A dissertation submitted in partial fulfillment of the requirements for the degree of Doctor of Philosophy, University of Washington, 2016. To download and read in full, CLICK HERE. to access through the University of Washington’s ResearchWorks Archive.
Background: Many individuals with cerebral palsy (CP) and stroke are prescribed ankle foot orthoses
(AFOs) for use during daily life. AFOs have been shown to improve pathologic gait and walking
speed in CP and stroke by providing support and alignment. There are many different types of
AFOs available such as posterior leaf spring AFOs, rigid AFOs, and articulated AFOs. Further,
there are many parameters that can be customized or tuned for each type of AFO, such as
stiffness, heel height, shank to vertical angle, and foot plate length. However, how different types
of AFOs and the customization of specific parameters impact muscle function remains unclear.

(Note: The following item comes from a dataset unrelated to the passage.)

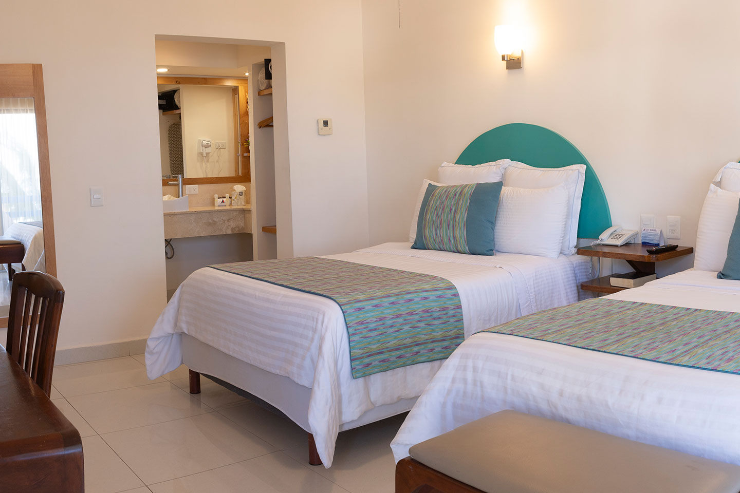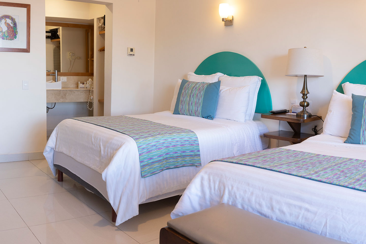 2 camas matrimoniales. Aire acondicionado tipo mini split, Smart TV de 50” con servicio de canales por cable, internet inalámbrico, escritorio, plancha y tabla para planchar, cafetera, frigobar, secadora de cabello y caja fuerte. 4 pax máximo.
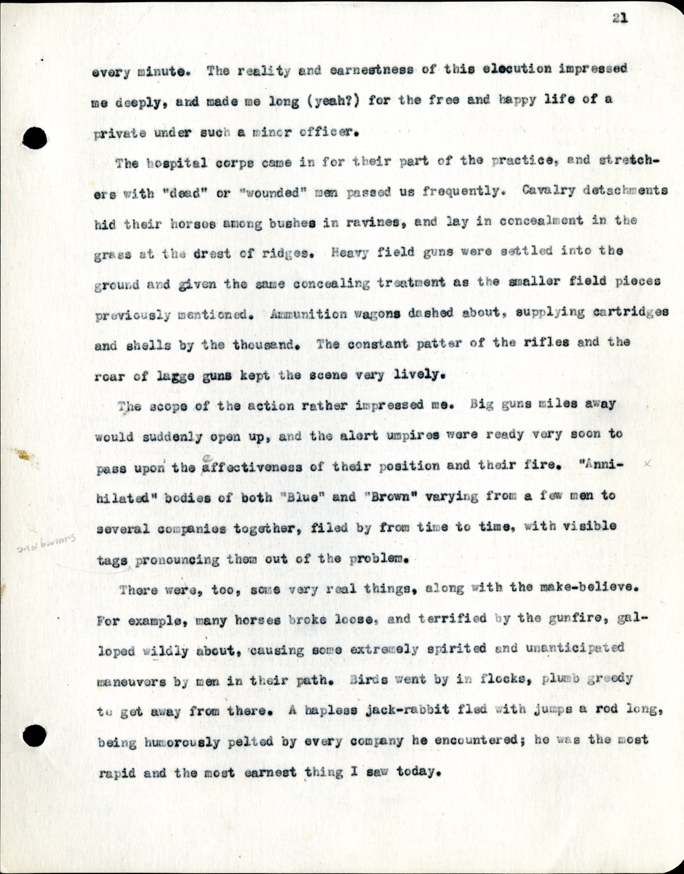 Frank H. Shoemaker typescript, 28 pages, titled "At Fort Riley, Kansas" on activities at Fort Riley between Oct. 12-29, 1903.

Purpose: The goals of this dissertation were to evaluate how different types of AFOs and different
tuning parameters impact gait kinematics and muscle function. Of particular interest is the
gastrocnemius, a key muscle that crosses the knee and ankle joints and is commonly tight among
individuals with CP or stroke. Gastrocnemius operating length, defined as the total muscle and
tendon length during a functional activity, influences ankle and knee kinematics during gait.
Results/Discussion: This dissertation provides important evidence for how humans adapt to various AFO
properties and suggests important implications for the design and prescription of AFOs. This
work provides a quantitative evaluation of how AFOs impact musculotendon dynamics among
individuals with stroke (Aim 1) and cerebral palsy (Aim 2). The fabrication methods in Aim 3
creates a powerful and flexible research platform for evaluating AFO design, which may be
extended to fabrication of AFOs for daily use with further improvements in additive
manufacturing materials and methods. The final study (Aim 4), provides the first experimental
evidence combining ultrasound and musculoskeletal modeling to understand how muscle and
tendon length are impacted by AFO design. These evaluations provide guidance for future AFO
design and prescription that can not only augment human mobility for unimpaired individuals,
but also provide improve metrics for improving function and guiding rehabilitation for
individuals with neurologic impairments.